I was toying a little bit with the indices trick to see where I could go to with and came across a strange error... First, the plain not-so-old indices:
我有点玩弄指数技巧,想看看我能做什么,却发现了一个奇怪的错误……首先,不那么古老的指数:
template<std::size_t...>
struct indices {};
template<std::size_t N, std::size_t... Indices>
struct make_indices:
make_indices<N-1, N-1, Indices...>
{};
template<std::size_t... Indices>
struct make_indices<0, Indices...>:
indices<Indices...>
{};
I created a compile-time array class derived from a std::initializer_list and had it indexable (assume that N3471 is support by your compiler. It will be in the next standard anyway). Here it is:
我创建了一个从std:::initializer_list派生的编译时数组类,并使它具有可索引性(假设N3471是由编译器支持的)。无论如何,它将是下一个标准)。

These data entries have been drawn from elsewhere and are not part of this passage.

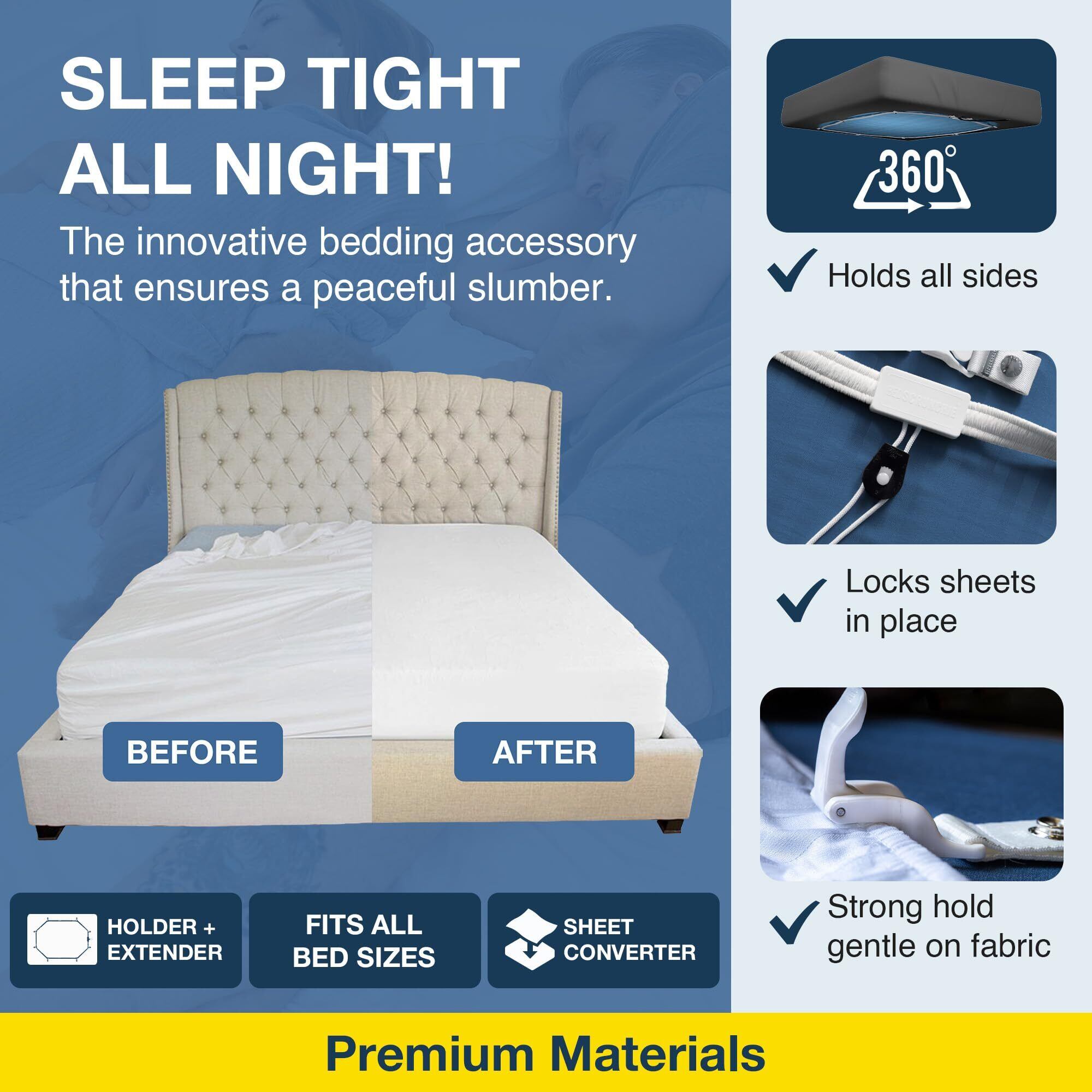 すべてのマットレスタイプにユニバーサルフィット - 世界初の360度ベッドシーツホルダー、エクステンダー、コンバーターをご紹介します。 当社のビーガンフレンドリーなシーツ留めストラップは、4本足の友人に対してもシーツを安全に保ちます。 1日を邪魔するぽっちゃりしたルーズなシーツにさよなら!
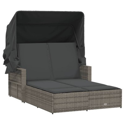 vidaXL Brown Poly Rattan Double Sun Lounger with Canopy/Red Cushions - Adjustable Backrest, UV-Resistant for Garden/Patio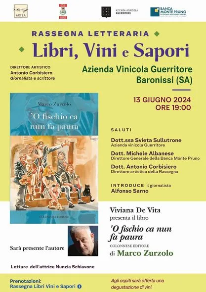 Giovedì 13 giugno alle ore 19:00, presso l'azienda vinicola Guerritore in Via Nocelleto a Baronissi, ci sarà un evento letterario organizzato da Antonio Corbisiero e introdotto dal giornalista Alfonso Sarno.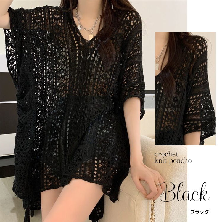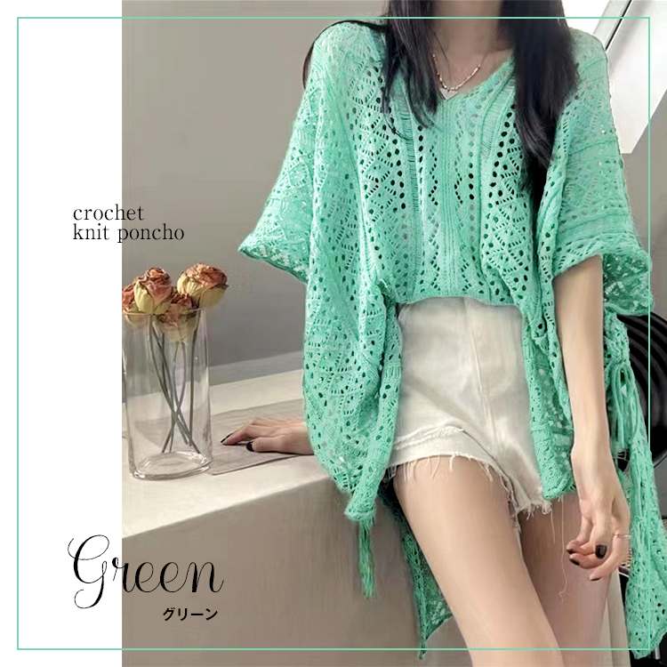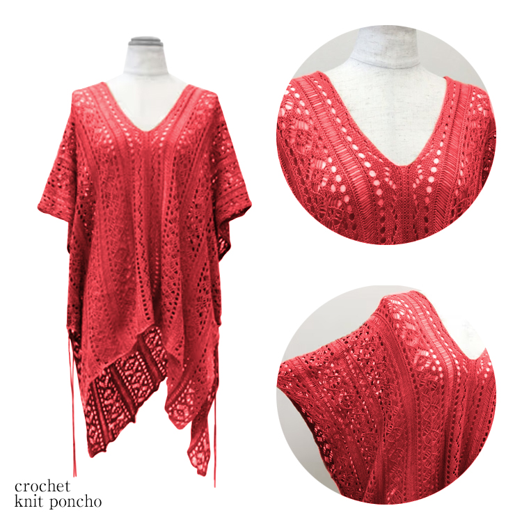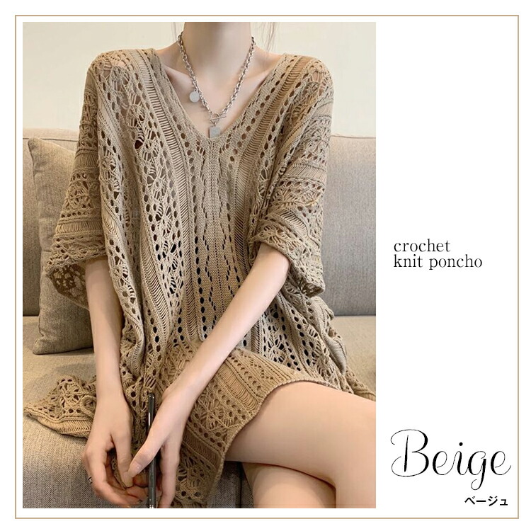 かぎ編みVネックポンチョ風ドルマンチュニック 春夏 透かし編みニット チュニック レディース トップス Vネック 重ね着 メッシュニット サマーニット 薄手 透け感アイテム レディース

这里是:
template<typename T>
struct array:
public std::initializer_list<T>
{
constexpr array(std::initializer_list<T> values):
std::initializer_list<T>(values)
{}
constexpr auto operator[](std::size_t n)
-> T
{
return this->begin()[n];
}
};
So, I tried to create a function that returns a copy of an array after having added 1 to each of its members:
因此,我尝试创建一个函数,在向每个成员添加1之后返回一个数组的副本:
template<typename T, std::size_t... I>
auto constexpr add_one(const array<T>& a, indices<I...>)
-> const array<T>
{
return { (a[I]+1)... };
}
And to finish with the code, here is my main:
最后,我想说的是:
int main()
{
constexpr array<int> a = { 1, 2, 3 };
constexpr auto b = add_one(a, make_indices<a.size()>());
return 0;
}
I did not think that code would compile anyway, but I am quite surprised by the error message (Here is the ideone code):
我不认为代码会被编译,但是我对错误消息感到非常惊讶(这里是ideone代码):
In function 'int main()':
error: 'const smath::array<int>{std::initializer_list<int>{((const int*)(& const int [3]{2, 3, 4})), 3u}}' is not a constant expression
So, could someone explain to me what exactly is not constant enough for the compiler in the above code?
那么,谁能向我解释一下上面代码中什么是不足够的常量?
EDIT: Follow-ups for that question
编辑:关于这个问题的后续报道。
- Is it legal to declare a constexpr std::initializer_list object?
- 声明constexpr std::initializer_list对象合法吗?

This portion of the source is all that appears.